Le terme a été popularisé dans les années 1970 par les psychologues Pauline Clance et Suzanne Imes. Elles observaient alors ce phénomène chez des femmes à haut potentiel, persuadées d’avoir trompé leur entourage sur leurs compétences. Aujourd’hui, on sait que ce syndrome traverse les genres et les milieux, mais il semble avoir une affinité particulière avec les métiers artistiques, pour plusieurs raisons.

D’abord, parce que l’art n’a pas de baromètre objectif de réussite. Il n’y a pas de note, pas d’examen final, pas de diplôme qui légitime pleinement une carrière. Ensuite, parce que le processus de création implique une mise à nu constante, où chaque œuvre devient le reflet (incomplet et vulnérable) d’une identité. Enfin, parce que le monde de l’art, souvent opaque, valorise des récits d’exception et de “génie”, laissant peu de place à l’erreur, à l’apprentissage, au tâtonnement.

Une génération plus exposée ?

Avec l’essor des réseaux sociaux, ce sentiment est accentué. Instagram, TikTok et consorts imposent un culte de la visibilité immédiate, où l’artiste est sommé d’être à la fois créatif·ve, community manager, curateur·ice et entrepreneur·se. L’œuvre n’est plus seulement jugée : elle est “likée”, “swipée”, classée, parfois en quelques secondes.

Et derrière cette pression numérique se cachent des doutes récurrents : “Pourquoi lui, pas moi ?”, “Est-ce que mon travail a une valeur s’il ne buzz pas ?”, “Et si mes abonnés se rendent compte que je n’ai aucune idée de ce que je fais ?”

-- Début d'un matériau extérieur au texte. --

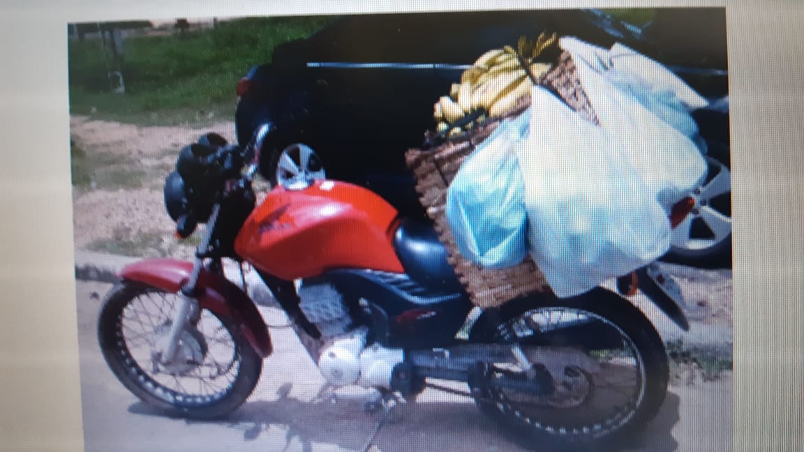 A motocicleta transportava carga incompatível conforme a Resolução Contran Nº 356/10 e apresentava pneus em mau estado de conservação gerando perigo de dano.

Apprivoiser le doute, ne pas le fuir

Il serait illusoire de croire que ce syndrome peut disparaître. Mais il peut être apprivoisé, intégré comme une composante du parcours créatif. Beaucoup d’artistes le vivent, et nombreux·ses sont ceux·celles qui ont appris à transformer ce doute en moteur plutôt qu’en frein.

Valerie Young, experte internationale du syndrome de l’imposteur et autrice de The Secret Thoughts of Successful Women, souligne que ces sentiments sont particulièrement fréquents dans les domaines créatifs. Elle explique que les artistes sont souvent jugés selon des critères subjectifs, ce qui peut exacerber le sentiment d’imposture.

Young identifie également cinq types de “profils d’imposteurs” : le perfectionniste, l’expert, le génie naturel, le solo et le super-héros. Chacun de ces profils a des attentes irréalistes envers lui-même, ce qui alimente le sentiment d’imposture.

Et si c’était normal ?

Peut-être faut-il simplement dire que oui, le doute fait partie du métier. Qu’il est même, parfois, le signe d’une conscience aigüe de la responsabilité créative. Car les vrais imposteurs, ce sont souvent ceux qui ne doutent jamais.

Et si vous vous sentez comme un imposteur… c’est peut-être que vous êtes, justement, un·e vrai·e artiste.

Sources : 

• Clance, P. R., & Imes, S. A. (1978). The Impostor Phenomenon in High Achieving Women: Dynamics and Therapeutic Intervention. Psychotherapy: Theory, Research & Practice.

• Étude UQAM, Département d’arts visuels (2020) : enquête qualitative sur les sentiments d’illégitimité chez les étudiants en création.

• Young, V. (2011). The Secret Thoughts of Successful Women: Why Capable People Suffer from the Impostor Syndrome and How to Thrive in Spite of It. Crown Publishing Group.